Horace Dediu suggests that existing carmakers are underestimating the threat they face from computer-industry entrants:

Traditional car making is capital intensive due to the processes and materials used. There are however alternatives on the shelf. iStream from Gordon Murray Design proposed switching to tubular frames and low cost composites.  BMW has an approach using carbon fiber other composites. 3D printing is waiting in the wings. All offer a departure from sheet metal stamping.

With new materials, costs for new plants can be reduced by as much as 80% and since amortizing the tooling is as much as 40% of the cost of new car, the margins on new production methods could result in significant boosts in margin.

There is a downside however. What is usually compromised when using these new methods is volume and scale of production. So that becomes the real question: how many cars can Apple target? 10k, 50k, 100k per year? Could they target 500k? That would be 10 times Tesla’s current volumes but only a bit more than the output of the Mini brand.

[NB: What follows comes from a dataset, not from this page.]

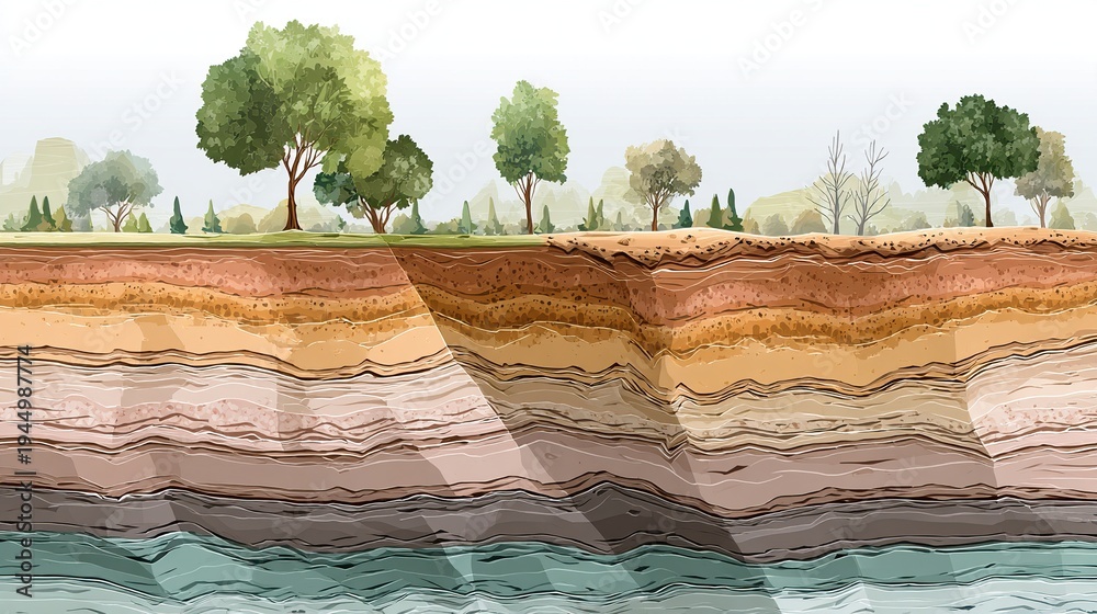 Soil profile with visible strata and natural layers #1944987774

Now consider that the total market is 85 million vehicles per year. For Apple to get 10% share would imply 8.5 million cars a year, a feat that is hard to contemplate right now with any of the production systems. On the other hand selling 80 million iPhones and iPads in a single quarter has become routine for Apple and that was considered orders of magnitude beyond what they could deliver. Amazing what 8 years of production ramping can offer.

Given that cars are increasingly computers with fancy cases on wheels, you really don’t want to rule out low-end or even high-end disruption.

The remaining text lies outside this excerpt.